She seriously needs to find another hobby other than bouncing on cock.
He had a stripper pole in his bedroom. I didn't know whether to be impressed or creeped out.
There needs to be a newsfeed for phones... A list of all my drunken calls, texts, BBMs, new contacts, pictures sent AND received, all in chronological order.
At what point did you actually think that you could throw knives safely?
I am burnt. Have a black eye. Face dove into the grass and got pissed on. Time of my life. God Bless the USA.
But he found my shoe...that at least deserves a handjob.
How did she break his doorknob?
That was our fault. We put a chair under the doorknob so that she wouldn't wander out of his room in the middle of the night and jump into bed with her ex. But she's stronger than we thought.
No, that's just what we do when we hang out. We get drunk, have really awesome sex, then fight about why we never worked as a couple
Using a miniature baseball bat to kill a mosquito in the house may not have been the most efficient or safest way, but that thing is fucking dead. However, so are three wine glasses, a lamp, and my baseball bat privileges. Worth it.
Whoever put salsa in the kiddie pool.....your an ass. Fuck you.
I'm crying at a bar by myself drinking a pear martini drawing things dicks are scared of. How was your day?

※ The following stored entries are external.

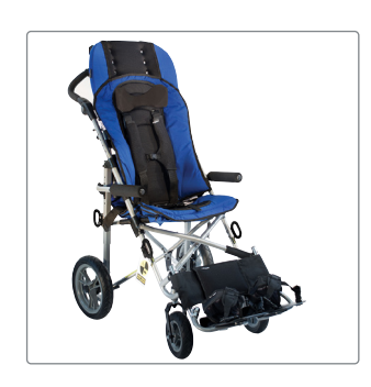
Heavy Duty Reinforced Upholstery - Cordura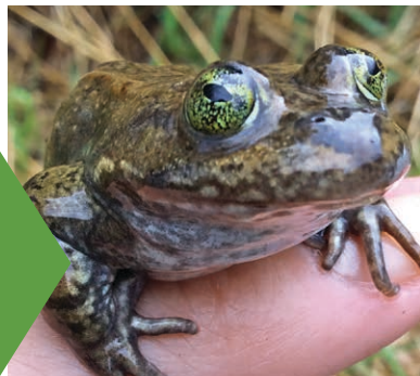
Eyes facing upwards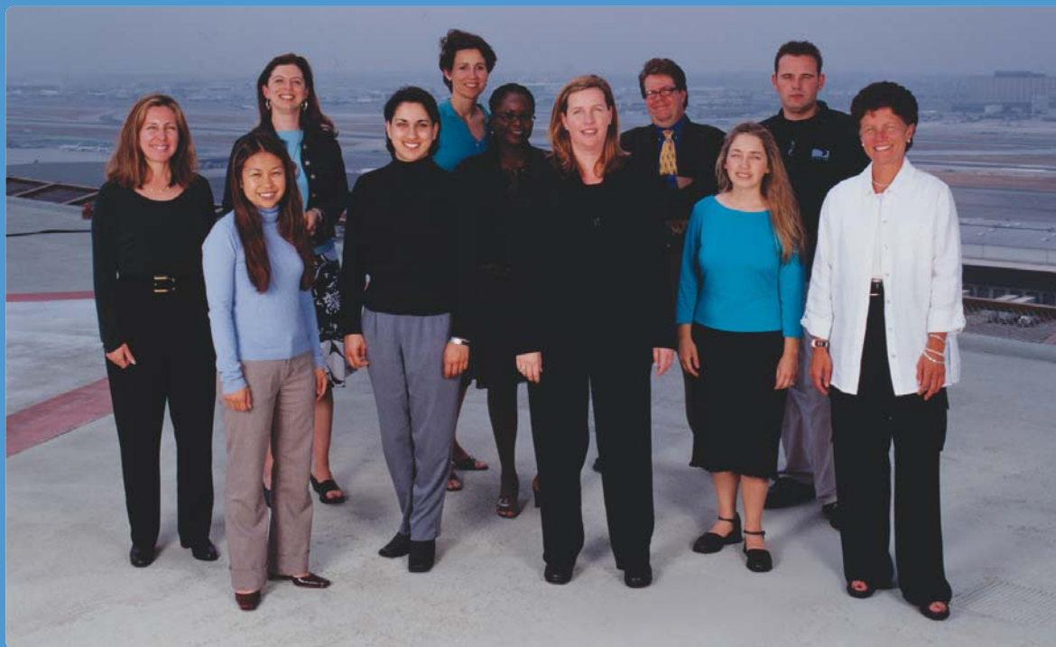
The DIRECTV E-Business team members responsible for bringing DIRECTV.com to the fore are, left to right:

I totally forgot about finals week. im the worst adderall salesman ever.
It's been two dates and she just invited me to her aunts funeral. I can't even. Who the fuck does that? I need to drink I'm coming to get you in 5
He just said Bill Nye is just a dude. If I ever considered sleeping with him, I never will now.
I am not even ashamed to say it, I got laid in the stairwell of the hotel, by a 29 year old. It was awesome!